[PATCH] xfs: force background CIL push under sustained load

Dave Chinner <david@xxxxxxxxxxxxx> · Thu, 23 Sep 2010 12:27:43 +1000

From: Dave Chinner <dchinner@xxxxxxxxxx>

I have been seeing relatively frequent pauses in transaction throughput up to
30s long under heavy parallel workloads. The only thing that seemed strange
about them was that the xfsaild was active during the pauses, but making no
progress. It was running exactly 20 times a second (on the 50ms no-progress
backoff), and the number of pushbuf events was constant across this time as
well.  IOWs, the xfsaild appeared to be stuck on buffers that it could not push
out.

Further investigation indicated that it was trying to push out inode buffers
that were pinned and/or locked. The xfsbufd was also getting woken at the same
frequency (by the xfsaild, no doubt) to push out delayed write buffers. The
xfsbufd was not making any progress because all the buffers in the delwri queue
were pinned. This scan and make no progress dance went one in the trace for
some seconds, before the xfssyncd came along an issued a log force, and then
things started going again.

However, I noticed something strange about the log force - there were way too
many IO's issued. 516 log buffers were written, to be exact.

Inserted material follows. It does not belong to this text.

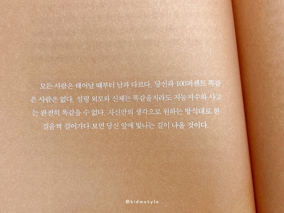 모든 사람은 다 다르다. 나와 100퍼센트 똑같은 사람은 없다. 내 생각을 바탕으로 한 걸음씩 걸어가다 보면 결국 빛나는 길을 만날 것이다.

That added up to
129MB of log IO, which got me very interested because it's almost exactly 25%
of the size of the log. That "25% of the log" is actually very important - it's
the distance that tail-pushing tries to keep free in the log; i.e. where it
pushes to. Further, the delayed logging code is suppose to aggregate the
minimum of 25% of the log or 8MB worth of changes before flushing. That's what
really puzzled me - why did a log force write 129MB instead of only 8MB?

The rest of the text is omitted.